The data Start Marker
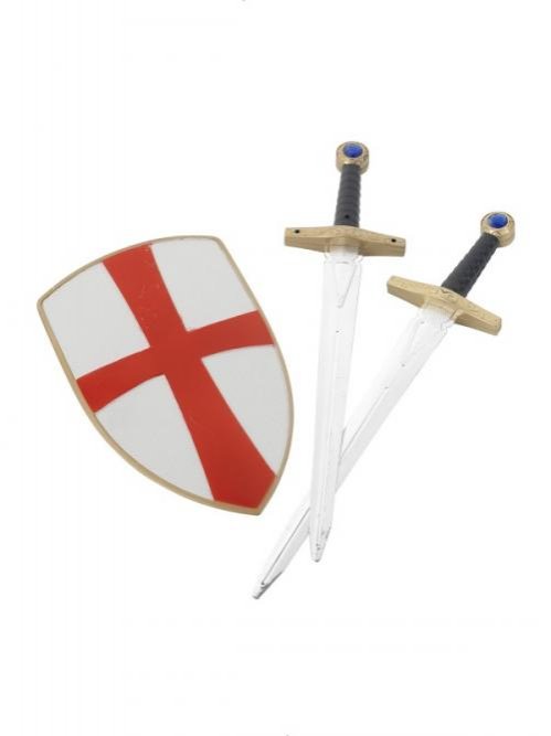 Sada obsahuje 2x meč 50 cm a štít 20x30 cm.
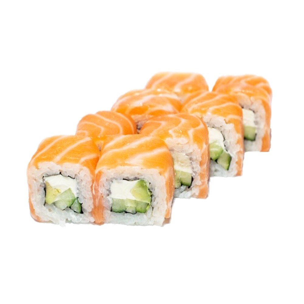 Лосось, рис, нори, огурец, сыр сливочный (соевый соус, имбирь и васаби в комплекте)
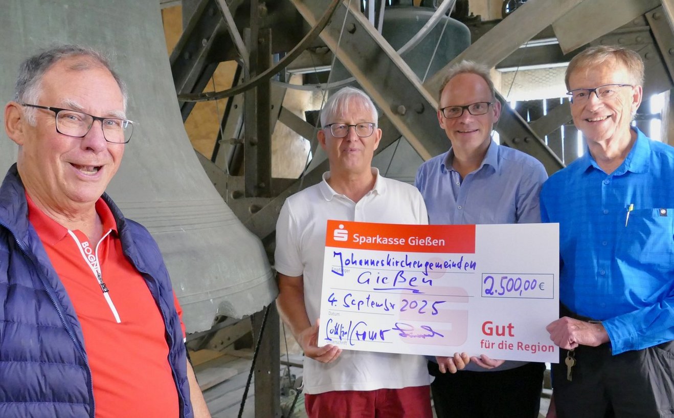 Gießen. Am 4. September 2025 überreichten Gottfried Cramer und Wolfgang Launspach vom Vorstand des Vereins zur Erhaltung der Johanneskirche Gießen e.V. einen symbolischen Scheck in Höhe von 2.500 Euro an die Vorsitzenden der Johanneskirchengemeinden Gießen-Mitte und Johannes, Pfarrer Matthias Weidenhagen und Klaus Busch. Die Übergabe fand – passend zum Zweck der Spende – im Glockenstuhl der Kirche statt.
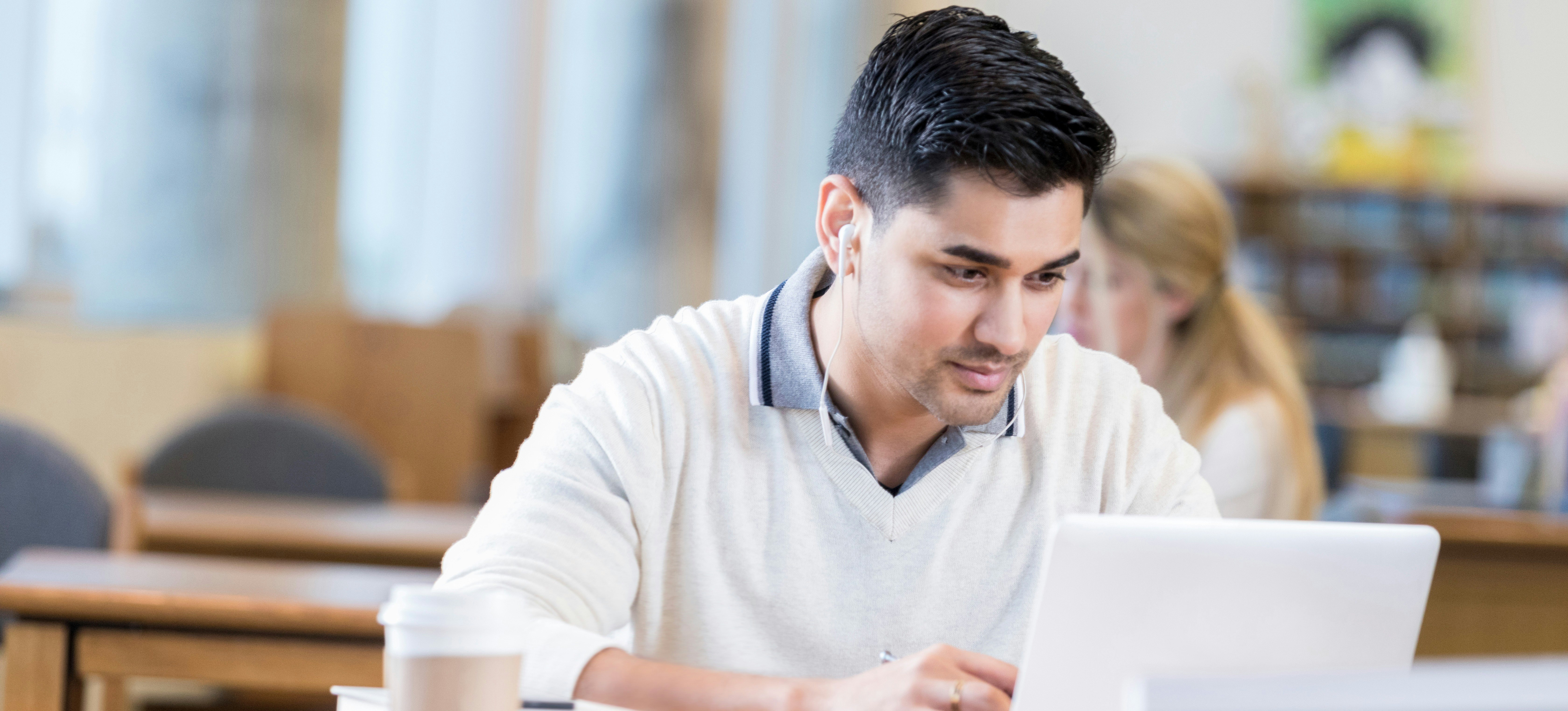 [Featured Image] A young  learner uses a laptop in a library to research what the difference is between BE and BTech.
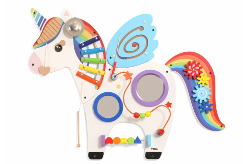 Dřevěná nástěnná hra s motivem jednorožce. Velikost cca 83,6 x 66,8 x 9,5 cm. Rozměry balení cca 44,5 x 43 x 22 cm. Věk 18m+
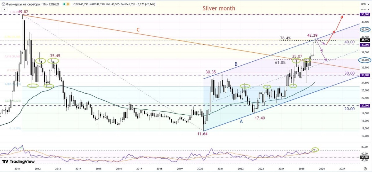На месячном графике фьючерсов на серебро видно, что после максимумов 2011г, когда котировки немного недотянули до уровня 50.00 $ за унцию цены резко полетели вниз, потеряв более 40%. Новая волна распродаж пришлась на 2013-2015гг, после чего драгметалл стабилизировался в диапазоне 12.00-20.00, но пандемия развернула котировки вверх. С 2020г сформировался широкий восходящий канал «А-В», правда в качестве основного сильного сопротивления выступила круглая цифра 30.00. В прошлом году быки продавили этот важный уровень, достигнув отметки 35.07, а в качестве сопротивления выступил уровень 61.8% коррекции от всего падения 49.82-11.64. Летом этого года цена сначала пробила линию сопротивления «С», после чего рост ускорился и на прошлой неделе была протестирована круглая цифра 40.00. Вчера цена достигла отмтеки 42.29, где проходит уровень 76.4% коррекции. Есть вероятность, что цена может уйти на коррекцию, вплоть до уровня 35.00. Но если отметка 40.00 удержил цены, то можно ожилать нового роста до 45.00 и выше.
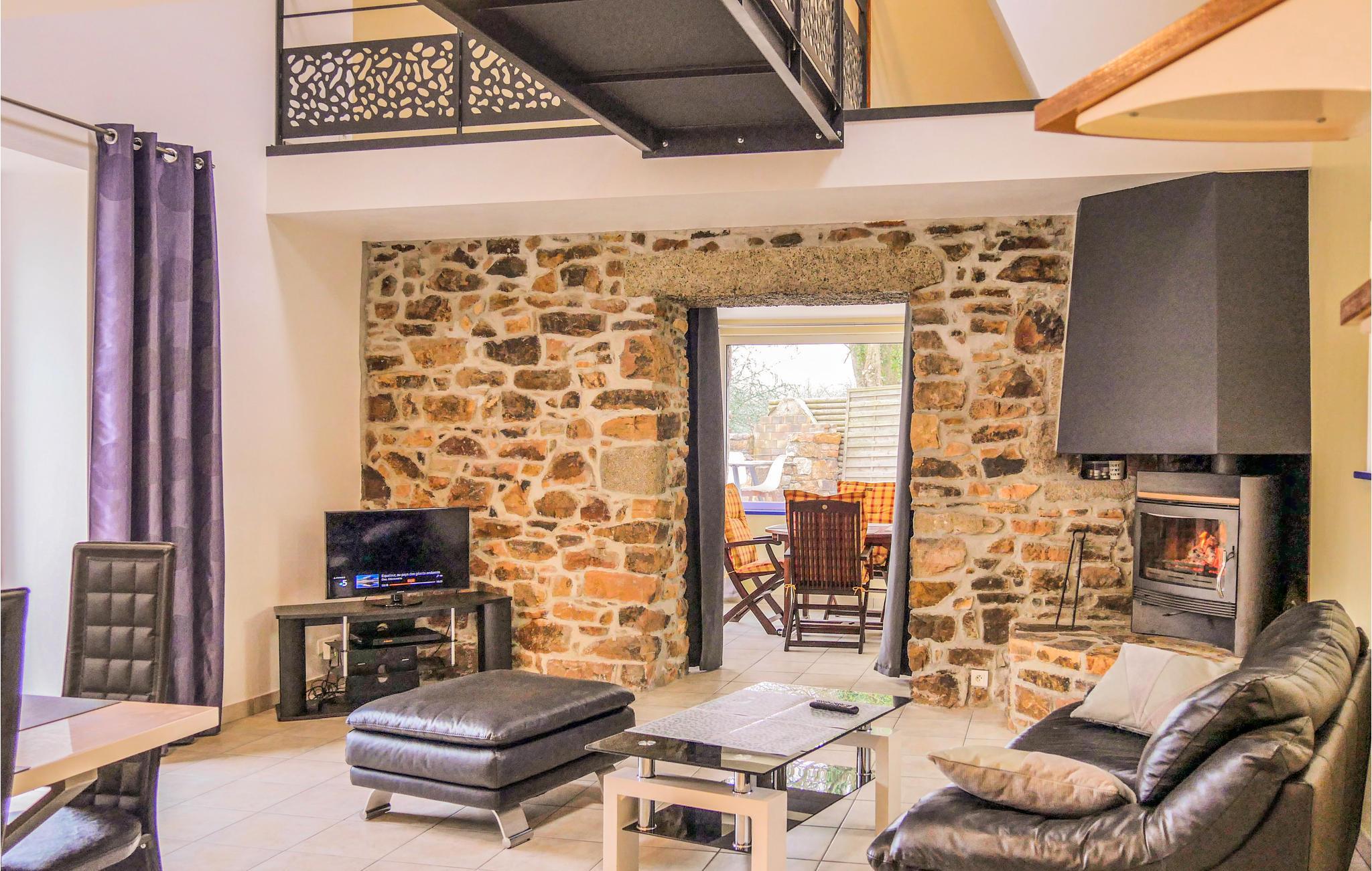 Dieses moderne und komfortable Ferienhaus ist Teil eines ehemaligen Bauernhofs aus dem Anfang des 20. Jahrhunderts. Die Fenstertüren im Wohnraum führen auf die möblierte Terrasse und ermöglichen es Ihnen, auch bei weniger gutem Wetter den Blick auf die Natur von drinnen zu genießen. Das Haus iist mit Glasfaser ausgestattet.
The data End Marker
> [Your objective]
In the records above, find the line with "[Featured Image] A" and the line with "Dřevěná nástěnná hra"; please transcribe exactly those two lines and all lines between them, omitting any picture.

> [Output of the exercise]
 [Featured Image] A young  learner uses a laptop in a library to research what the difference is between BE and BTech.
 Dřevěná nástěnná hra s motivem jednorožce. Velikost cca 83,6 x 66,8 x 9,5 cm. Rozměry balení cca 44,5 x 43 x 22 cm. Věk 18m+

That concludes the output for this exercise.